An efficient and composable parallel task programming library

Chun Xun Lin, Tsung Wei Huang, Guannan Guo, Martin D.F. Wong

Research output: Chapter in Book/Report/Conference proceedingConference contribution

Abstract

Composability is a key component to improve programmers' productivity in writing fast market-expanding applications such as parallel machine learning algorithms and big data analytics.
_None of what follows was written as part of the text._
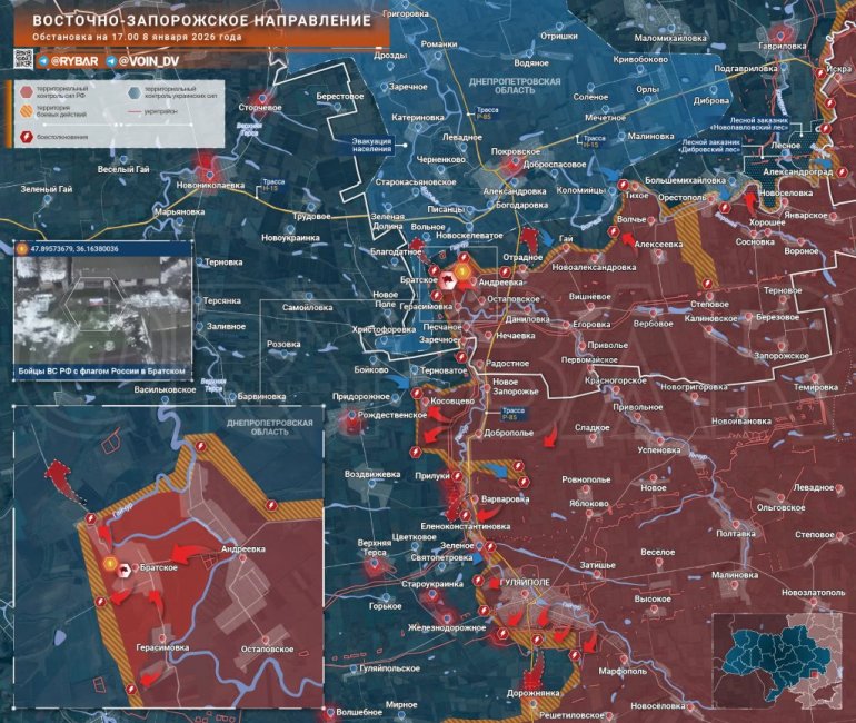 Јединице групе трупа "Исток" ослободиле су насеље Братско у Дњепропетровској области, неутралисавши том приликом више од 220 украјинских војника, три борбена оклопна возила и три артиљеријска система.
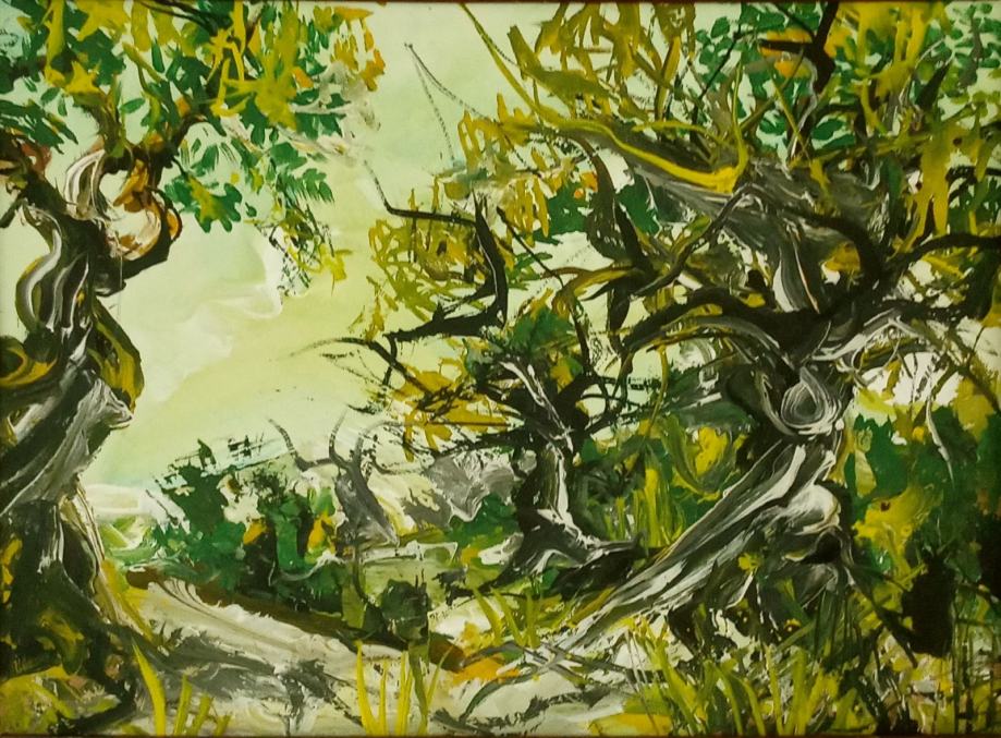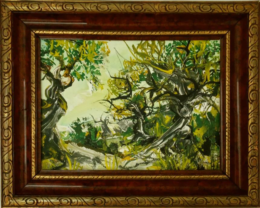 stara slika, akril na lesonitu u masivnom rustik okviru 64x53 / 46x35 cm

These applications exhibit both regular and irregular compute patterns, and are often combined with other functions or libraries to compose a larger program. However, composable parallel processing has taken a back seat in many existing parallel programming libraries, making it difficult to achieve modularity in large-scale parallel programs. In this paper, we introduce a new parallel task programming library using composable tasking graphs. Our library efficiently supports task parallelism together with an intuitive task graph construction and flexible execution API set to enable reusable and composable task dependency graphs. Developers can quickly compose a large parallel program from small and modular parallel building blocks, and easily deploy the program on a multicore machine. We have evaluated our library on real-world applications. Experimental results showed our library can achieve comparable performance to Intel Threading Building Blocks with less coding effort.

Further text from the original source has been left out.